Figure 1.  Knowledge synthesis and the nferX Single Cell resource.
(A) Knowledge synthesis: capturing association between concepts from over 100 million documents. Schematic shows the workflow for generating literature-derived associations between phrases. Local score and global score are defined and the types of literature-derived associations are shown for combinations of high and low local and global scores. (B) Datasets enabling knowledge synthesis-powered scRNAseq analysis platform (https://academia.nferx.com/). Single-cell RNAseq data was obtained from publicly available human and mouse single-cell RNA-seq datasets. Bulk RNA-seq data was obtained from Gene Expression Omnibus (GEO) and the Genotype Tissue Expression (GTEx) project portal. Protein-level expression of coronavirus receptors was assessed using a collection of immunohistochemistry (IHC) images and tissue proteomics datasets from the Human Protein Atlas and the Human Proteome Map.

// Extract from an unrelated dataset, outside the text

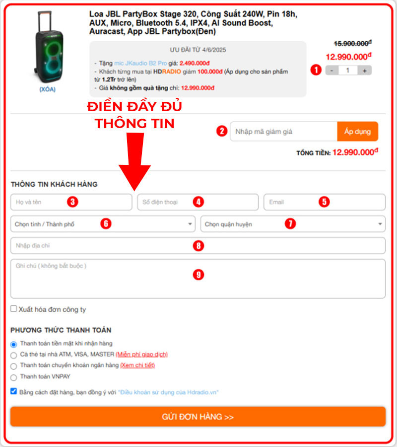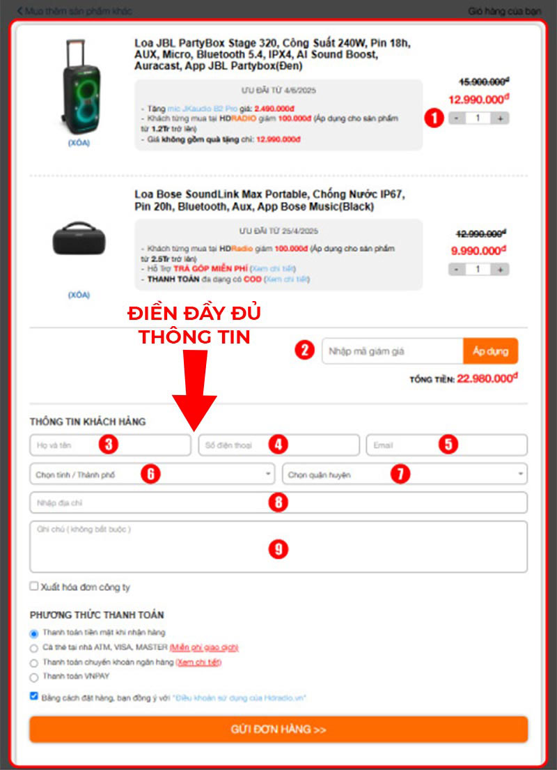 - Số 8 : Nhập địa chỉ mà HDRADIO có thể giao hàng cho bạn

Literature-derived association scores are obtained from over 100 million biomedical documents (C) Highlighting selected tissues and cell types identified by one or more modalities to express ACE2, the putative receptor of SARS-CoV-2 spike protein. Image template: https://www.proteomicsdb.org/.
Figure 1—figure supplement 1.  Validation of metrics used to assess literature-derived associations.
A)-(B) 1-d logistic model predicting true vs random concept pair associations from (A) cosine score and (B) Exponential Local Score. Extent of separation between the green true associations and red random associations indicates extent to which score captures known concept associations. (C) Normalized histograms of co-occurrence counts (on logarithmic scale) for high-cosine vs low-cosine token pairs. (D) Distribution of cosines between gene-disease token vector pairs vs null distributions of cosines between pairs of random 300-d vectors. (E) Null cosine distribution between two random vectors, as the dimension of the vectors varies.